Towards the end of Mae Martin’s new Netflix’s comedy series Feel Good, Mae stands on stage delivering her comedy act, and tells the audience: “My girlfriend is straight.” Standing in the audience, George, Mae’s girlfriend, recoils. Mae repeats herself: “I have a straight girlfriend.”
Apparently, so did I.
Let’s go back in time. I didn’t know that I was queer until I got to college, but all of the early signs of my queerness were there: I listened to Brandi Carlile. I watched the U.S. Women’s National Soccer Team, pre-Megan Rapinoe. I read and got turned on by books about queer teen love, and yet it wasn’t until I was legally an adult that I considered I didn’t want to be Brandi Carlile, I wanted to be with Brandi Carlile.
A few years after coming out, I found myself in a relationship with a straight woman, not exactly pulled back into the closet, not fully living my relationship out in the world, either. Queer women who have dated straight women will know what I mean by this, as it’s an otherwise difficult kind of relationship to articulate. In tackling the mystical queer-straight coupling, Feel Good reflected back to me all of the things I didn’t know I was feeling or had been trying to say.

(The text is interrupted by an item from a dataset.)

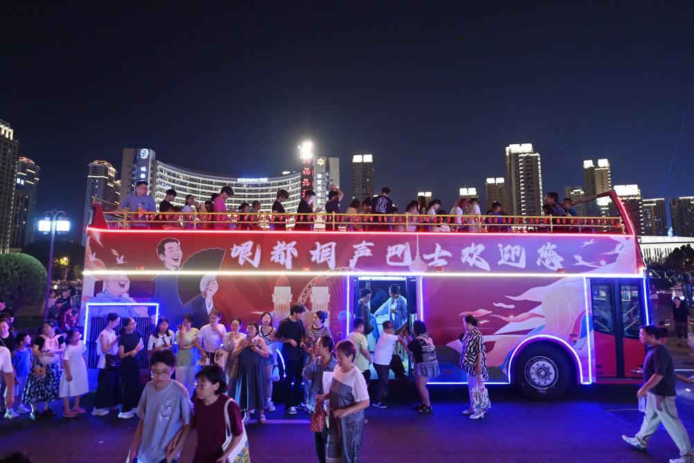 新华社天津8月17日电(记者包庆龄)晚上七点,天津古文化街戏楼前,人们三三两两聚在一起交谈着,他们在等一辆特别的巴士到站,那就是天津的移动相声剧场——“相声巴士”。

In the six-part comedy, Mae plays a character not so far from her real life persona, a Canadian comedian pursuing a career in England. And in the prototypical lesbian sequence of relationship, Mae and George move quickly. In the first episode Mae moves into George’s apartment; in the second, George thinks about telling Mae she loves her; in the fourth, Mae introduces George to her parents. But there are problems: In the first episode, we learn that Mae hasn’t told George about her addiction; in the second, George lies to Mae about her perspective on commitment; in the third, George introduces Mae as a “friend” and Mae is made to hide in plain sight. One of the problems—and there are many—is that Mae believes that George is straight.
So when Mae tells the audience at the comedy club that George is straight—though by this point the two live together and George openly calls Mae her “girlfriend”—the statement really isn’t about George or her sexuality, but how she relates to Mae. We learn that the pains of their relationship were due not simply to their outgrowing of a shared metaphorical closet, but because they never talked about all of the ways that queerness doesn’t have to do with who you’re fucking, rather how you see the world; how you see yourself.

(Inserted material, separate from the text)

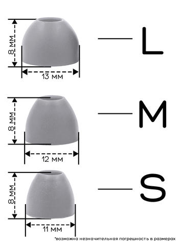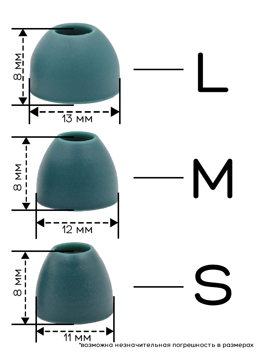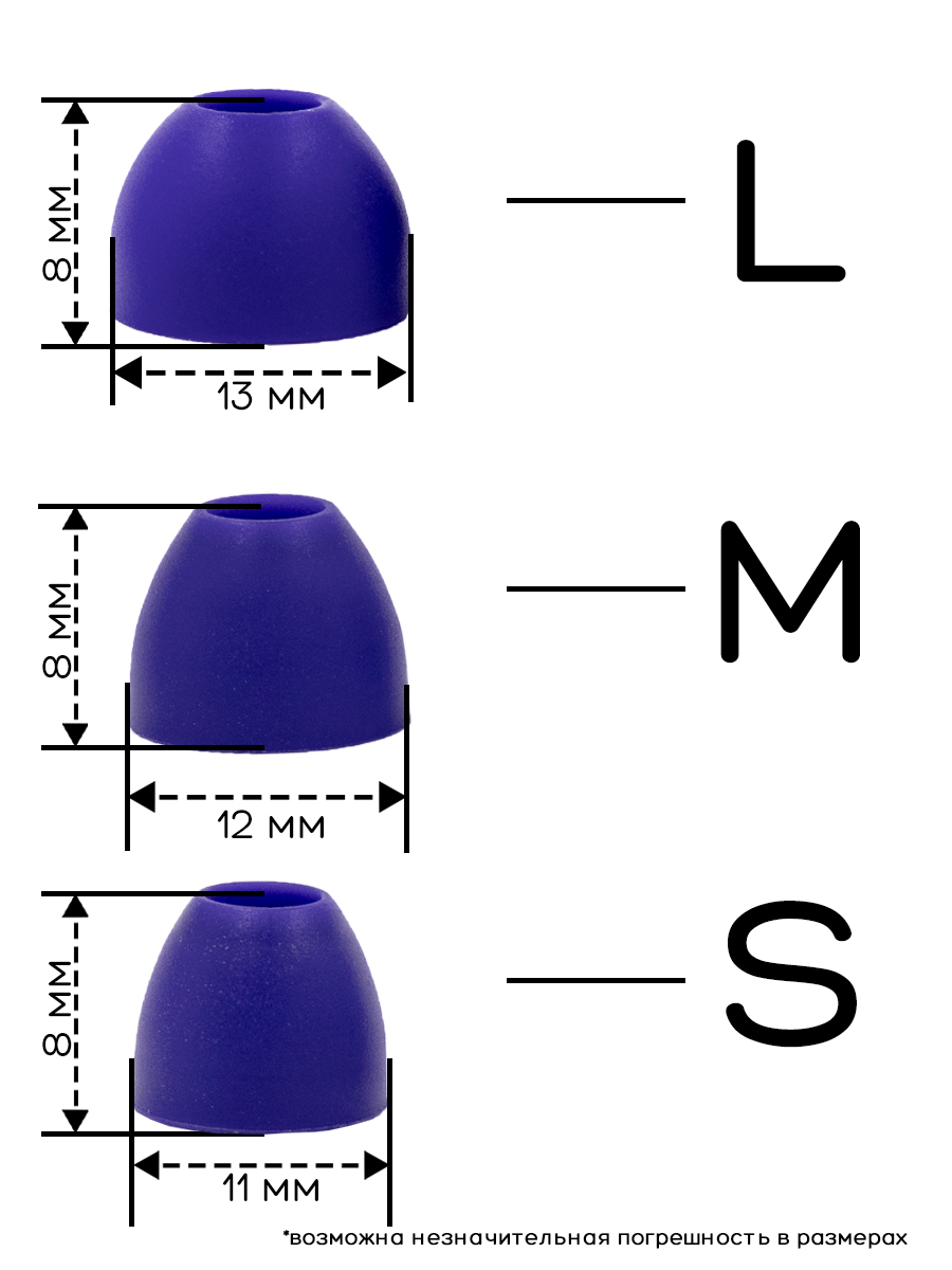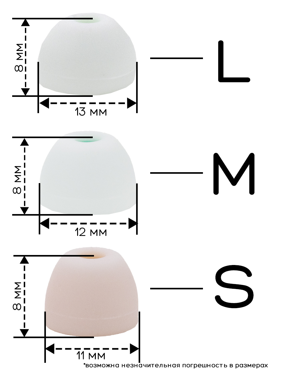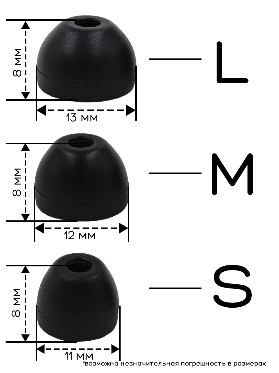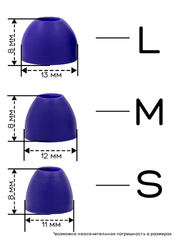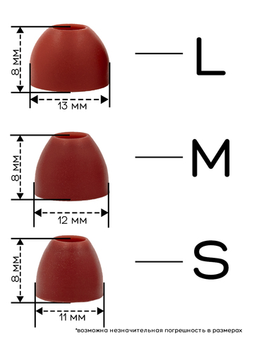Универсальные амбушюры с несколькими размерами. Амбушюры сделаны из качественного силикона. Размер: L-13mm, M-12mm, S -11mm.В ассортименте несколько цветов: черный, белый. красный, зеленый, синий.

Many months after me and my ex started dating I asked her how she identified, and she rebuffed me saying that she “didn’t like labels.” To be fair, I’m sure that she was still learning her sexuality too, having never kissed or had sex with a woman before me. But I needed to know how she identified, it was important.
When wielded by others, labels can be weapons; labels are meant to cause harm and demean and tell us that we don’t belong. When you’re queer, using the label is a salve for all of the times we we’re forced to whisper it, asked to hide it, made to feel ashamed of it. “Well if you had to choose,” I asked my girlfriend, “what would you say?”
“If I had to choose,” she responded, “I’d say queer.” She’d shrug, like it didn’t matter, like she hadn’t thought about it. I’d say queer sounded more like a question than a statement, it sounded strange to me. I realized that it was the first time I’d heard her say the word out loud.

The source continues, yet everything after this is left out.